Git-Revise - jgraham
https://mystor.github.io/git-revise.html
======
WorldMaker
Reminds me some of Raymond Chen's "Stupid Git Tricks" series [0-6] of blog
posts where he used a lot of git commit-tree and similar low level tools to
avoid worktree changes and minimize GC churn (partly because of working in the
humongous Windows git, which of course seems to have similar issues to the
Mozilla ones mentioned here such as auto-rebuild tools).

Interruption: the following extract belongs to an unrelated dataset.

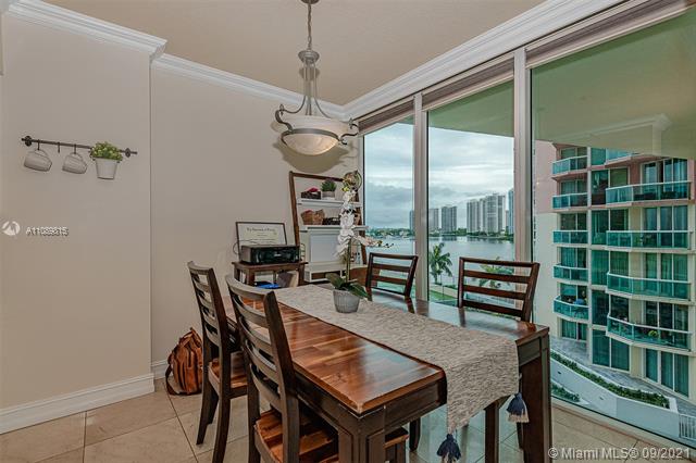 Beautiful 1/1 with lovely intracoastal views in high end luxury building.Marble floors throughout, large closet with built ins, separate dining area facing gorgeous view, only 2 apartments on the floor. Tons of light with large sliding doors and big windows.Fantastic 2 story fitness center, tennis courts, close to Founders Park, Aventura Mall and 5 minutes to the beach. Currently occupied by tenant who will stay or go with 45 day notice.

It makes a bunch of sense to build nicer porcelain tools for such low level
git magic when it becomes semi-routine.

(I couldn't find a good permalink for the entire series as a whole, so linked
are all the individual posts.)

[0]
[https://devblogs.microsoft.com/oldnewthing/20190506-00/?p=10...](https://devblogs.microsoft.com/oldnewthing/20190506-00/?p=102478)

[1]
[https://devblogs.microsoft.com/oldnewthing/20190507-00/?p=10...](https://devblogs.microsoft.com/oldnewthing/20190507-00/?p=102480)

[2]
[https://devblogs.microsoft.com/oldnewthing/20190508-00/?p=10...](https://devblogs.microsoft.com/oldnewthing/20190508-00/?p=102482)

[3]
[https://devblogs.microsoft.com/oldnewthing/20190509-00/?p=10...](https://devblogs.microsoft.com/oldnewthing/20190509-00/?p=102485)

[4]
[https://devblogs.microsoft.com/oldnewthing/20190510-00/?p=10...](https://devblogs.microsoft.com/oldnewthing/20190510-00/?p=102488)

[5]
[https://devblogs.microsoft.com/oldnewthing/20190513-00/?p=10...](https://devblogs.microsoft.com/oldnewthing/20190513-00/?p=102490)

[6]
[https://devblogs.microsoft.com/oldnewthing/20190515-00/?p=10...](https://devblogs.microsoft.com/oldnewthing/20190515-00/?p=102495)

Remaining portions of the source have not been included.